The use of regional anesthesia (RA) for anterior cruciate ligament (ACL) reconstruction reduces morphine consumption, the time spent in the post-anesthesia care unit (PACU) and the hospital readmission rate. However, RA failures due to delays in the induction of anesthesia and its unpredictable success rate (Cuvillon et al. Ann Fr Anesth 29:710–715, 2010; Jankowski et al. Anesth Analg 10.1213/01.ANE.0000081798.89853.E7) can lead to disorganization of the operating room (OR) schedule. The hypothesis is that performing RA outside the OR will significantly reduce the OR occupancy time relative to using general anesthesia (GA). The primary objective was to compare the OR occupancy time between RA and GA when performing ACL reconstruction.

Methods

This was a retrospective, single-center study of data collected prospectively from consecutive patients operated by a single surgeon between January 2019 and December 2020. The patients undergoing ACL reconstruction were divided into two groups based on the type of anesthesia they received (GA, RA). RA consisted of a quadruple peripheral nerve block (femoral, sciatic, obturator and lateral femoral cutaneous nerves).

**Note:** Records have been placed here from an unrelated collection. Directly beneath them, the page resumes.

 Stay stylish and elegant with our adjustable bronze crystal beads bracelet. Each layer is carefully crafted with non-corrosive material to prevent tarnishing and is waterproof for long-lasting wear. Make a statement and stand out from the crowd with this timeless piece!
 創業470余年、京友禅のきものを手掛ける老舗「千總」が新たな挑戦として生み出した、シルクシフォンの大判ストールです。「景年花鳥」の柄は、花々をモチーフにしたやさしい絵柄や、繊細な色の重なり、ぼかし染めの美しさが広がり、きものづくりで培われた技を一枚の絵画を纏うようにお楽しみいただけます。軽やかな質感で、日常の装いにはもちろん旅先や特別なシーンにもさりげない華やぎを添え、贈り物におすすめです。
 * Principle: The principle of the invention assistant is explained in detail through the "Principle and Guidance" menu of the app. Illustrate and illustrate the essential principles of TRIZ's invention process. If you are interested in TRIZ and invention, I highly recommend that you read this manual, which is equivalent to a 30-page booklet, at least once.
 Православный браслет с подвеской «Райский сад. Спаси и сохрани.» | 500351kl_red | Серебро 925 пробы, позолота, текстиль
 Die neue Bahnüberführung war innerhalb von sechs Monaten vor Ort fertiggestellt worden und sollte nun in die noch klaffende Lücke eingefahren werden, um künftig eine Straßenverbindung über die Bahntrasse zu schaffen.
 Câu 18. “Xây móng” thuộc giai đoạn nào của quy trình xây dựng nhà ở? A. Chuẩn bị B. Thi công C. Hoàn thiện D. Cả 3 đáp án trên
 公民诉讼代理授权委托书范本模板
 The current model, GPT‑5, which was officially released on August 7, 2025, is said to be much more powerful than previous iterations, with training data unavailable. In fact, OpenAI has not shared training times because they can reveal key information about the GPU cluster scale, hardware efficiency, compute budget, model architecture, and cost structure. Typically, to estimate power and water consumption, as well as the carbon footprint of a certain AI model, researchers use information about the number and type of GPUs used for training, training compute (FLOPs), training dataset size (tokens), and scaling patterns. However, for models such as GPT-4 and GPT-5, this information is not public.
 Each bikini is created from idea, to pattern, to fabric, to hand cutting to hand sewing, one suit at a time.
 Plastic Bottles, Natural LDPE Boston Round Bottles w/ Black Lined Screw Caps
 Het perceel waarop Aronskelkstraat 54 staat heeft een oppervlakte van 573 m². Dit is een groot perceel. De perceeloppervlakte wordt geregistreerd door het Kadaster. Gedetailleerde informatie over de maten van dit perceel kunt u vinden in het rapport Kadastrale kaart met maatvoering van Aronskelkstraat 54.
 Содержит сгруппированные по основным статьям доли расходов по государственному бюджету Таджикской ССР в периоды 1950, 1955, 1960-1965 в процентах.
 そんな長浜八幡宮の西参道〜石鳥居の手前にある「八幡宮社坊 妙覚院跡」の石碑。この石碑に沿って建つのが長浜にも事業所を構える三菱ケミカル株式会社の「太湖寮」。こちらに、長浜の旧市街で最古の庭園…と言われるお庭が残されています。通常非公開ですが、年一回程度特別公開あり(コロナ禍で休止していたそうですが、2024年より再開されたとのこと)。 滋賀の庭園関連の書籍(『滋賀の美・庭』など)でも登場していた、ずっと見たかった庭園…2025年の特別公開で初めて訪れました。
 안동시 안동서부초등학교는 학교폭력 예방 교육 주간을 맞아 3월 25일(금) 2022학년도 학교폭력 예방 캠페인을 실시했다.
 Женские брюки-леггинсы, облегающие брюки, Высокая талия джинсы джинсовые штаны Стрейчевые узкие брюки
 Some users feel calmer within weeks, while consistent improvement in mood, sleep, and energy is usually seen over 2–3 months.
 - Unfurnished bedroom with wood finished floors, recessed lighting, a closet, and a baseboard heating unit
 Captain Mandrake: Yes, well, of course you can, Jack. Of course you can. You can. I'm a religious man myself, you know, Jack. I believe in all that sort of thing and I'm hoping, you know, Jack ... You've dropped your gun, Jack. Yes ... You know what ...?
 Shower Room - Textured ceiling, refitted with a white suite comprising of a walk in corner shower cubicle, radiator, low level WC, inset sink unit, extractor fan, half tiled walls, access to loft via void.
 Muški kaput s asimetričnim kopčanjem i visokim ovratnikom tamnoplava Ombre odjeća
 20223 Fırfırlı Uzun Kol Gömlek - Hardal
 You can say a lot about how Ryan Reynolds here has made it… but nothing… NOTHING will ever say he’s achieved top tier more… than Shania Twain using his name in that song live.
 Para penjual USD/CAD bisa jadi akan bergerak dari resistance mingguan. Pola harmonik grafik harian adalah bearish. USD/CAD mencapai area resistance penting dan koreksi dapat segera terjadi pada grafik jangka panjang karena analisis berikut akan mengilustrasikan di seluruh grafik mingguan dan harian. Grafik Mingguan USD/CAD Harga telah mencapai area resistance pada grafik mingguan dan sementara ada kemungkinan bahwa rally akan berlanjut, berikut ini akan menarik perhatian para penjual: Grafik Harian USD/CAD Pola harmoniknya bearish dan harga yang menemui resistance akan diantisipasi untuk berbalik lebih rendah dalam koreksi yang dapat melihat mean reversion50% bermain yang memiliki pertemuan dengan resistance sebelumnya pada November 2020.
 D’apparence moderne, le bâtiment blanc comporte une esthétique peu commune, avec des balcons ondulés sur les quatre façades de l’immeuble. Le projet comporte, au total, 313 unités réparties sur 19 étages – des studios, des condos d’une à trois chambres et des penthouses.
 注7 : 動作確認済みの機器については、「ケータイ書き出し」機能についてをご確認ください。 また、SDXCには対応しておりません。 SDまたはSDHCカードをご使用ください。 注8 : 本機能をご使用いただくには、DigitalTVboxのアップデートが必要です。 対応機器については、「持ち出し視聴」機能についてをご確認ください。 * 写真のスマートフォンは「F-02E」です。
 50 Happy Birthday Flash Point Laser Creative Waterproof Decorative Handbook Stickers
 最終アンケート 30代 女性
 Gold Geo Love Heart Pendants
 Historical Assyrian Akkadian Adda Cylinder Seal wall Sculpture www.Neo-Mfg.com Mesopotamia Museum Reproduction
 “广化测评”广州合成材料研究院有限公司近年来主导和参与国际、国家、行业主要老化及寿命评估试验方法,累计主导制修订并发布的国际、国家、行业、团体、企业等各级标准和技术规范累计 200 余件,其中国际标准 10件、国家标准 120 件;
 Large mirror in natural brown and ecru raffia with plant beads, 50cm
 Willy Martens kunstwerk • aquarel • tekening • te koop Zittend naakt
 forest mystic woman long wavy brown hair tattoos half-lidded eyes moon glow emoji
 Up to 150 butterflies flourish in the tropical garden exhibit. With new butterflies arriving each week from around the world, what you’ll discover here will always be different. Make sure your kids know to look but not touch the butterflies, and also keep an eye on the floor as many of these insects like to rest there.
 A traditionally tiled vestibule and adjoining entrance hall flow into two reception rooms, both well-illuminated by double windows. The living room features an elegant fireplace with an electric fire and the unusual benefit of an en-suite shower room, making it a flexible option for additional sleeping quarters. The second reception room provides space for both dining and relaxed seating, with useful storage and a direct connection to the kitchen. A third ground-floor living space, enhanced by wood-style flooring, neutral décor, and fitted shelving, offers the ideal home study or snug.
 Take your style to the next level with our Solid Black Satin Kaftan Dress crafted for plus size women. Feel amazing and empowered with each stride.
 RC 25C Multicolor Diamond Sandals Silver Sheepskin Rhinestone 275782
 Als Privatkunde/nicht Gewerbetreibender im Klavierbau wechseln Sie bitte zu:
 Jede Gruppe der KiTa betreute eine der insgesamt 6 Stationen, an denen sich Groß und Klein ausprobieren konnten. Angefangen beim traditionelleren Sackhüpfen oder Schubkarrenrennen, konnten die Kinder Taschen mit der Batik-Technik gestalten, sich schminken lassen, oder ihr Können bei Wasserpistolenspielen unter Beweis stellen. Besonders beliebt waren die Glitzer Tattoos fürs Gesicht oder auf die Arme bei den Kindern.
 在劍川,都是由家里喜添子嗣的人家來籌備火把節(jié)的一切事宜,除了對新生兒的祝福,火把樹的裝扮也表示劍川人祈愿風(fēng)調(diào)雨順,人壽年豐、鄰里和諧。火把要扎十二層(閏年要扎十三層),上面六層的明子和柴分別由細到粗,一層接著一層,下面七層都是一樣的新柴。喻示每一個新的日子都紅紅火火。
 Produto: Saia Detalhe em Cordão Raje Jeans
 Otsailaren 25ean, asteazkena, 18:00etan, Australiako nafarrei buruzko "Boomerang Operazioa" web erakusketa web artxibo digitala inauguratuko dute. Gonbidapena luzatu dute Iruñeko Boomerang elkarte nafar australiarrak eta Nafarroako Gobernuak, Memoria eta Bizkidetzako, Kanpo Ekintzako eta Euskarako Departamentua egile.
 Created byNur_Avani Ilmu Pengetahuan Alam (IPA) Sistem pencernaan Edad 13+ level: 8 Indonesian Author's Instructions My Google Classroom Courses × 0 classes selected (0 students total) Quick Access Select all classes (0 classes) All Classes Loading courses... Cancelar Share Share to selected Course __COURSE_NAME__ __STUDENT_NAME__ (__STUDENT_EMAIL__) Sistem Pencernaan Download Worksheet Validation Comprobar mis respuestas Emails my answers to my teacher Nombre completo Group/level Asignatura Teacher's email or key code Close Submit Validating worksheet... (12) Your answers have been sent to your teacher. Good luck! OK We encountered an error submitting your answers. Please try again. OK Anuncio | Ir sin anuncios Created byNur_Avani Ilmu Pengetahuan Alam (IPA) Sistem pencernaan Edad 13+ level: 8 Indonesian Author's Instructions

The durations of the perioperative stages of the patient’s journey in the OR suite were compared between these two groups.

Results

The analysis involved 469 ACL reconstructions: 356 GA and 113 RA. The two groups were comparable in age, gender and ASA score (American Society of Anesthesiologists). The OR occupancy time for ACL reconstruction with RA was reduced by a mean of 13 min (70 ± 12 SD vs. 83 ± 14 SD; P < 0.0001) and the PACU time by 41 min relative to GA (P < 0.0001). The entry–incision time was reduced by an average of 8 min and the end–exit time by 3 min (P < 0.0001). The care time in the PACU was reduced from 84 ± 35 to 46 ± 26 min (P < 0.0001). However, performing anesthesia outside the OR (i.e., in a RA block room) did not reduce the turnover time (n.s).

Conclusion

Performing RA outside the OR reduced the OR occupancy time by nearly 20% relative to using GA for ACL reconstructions.

Level of evidence

Level IV.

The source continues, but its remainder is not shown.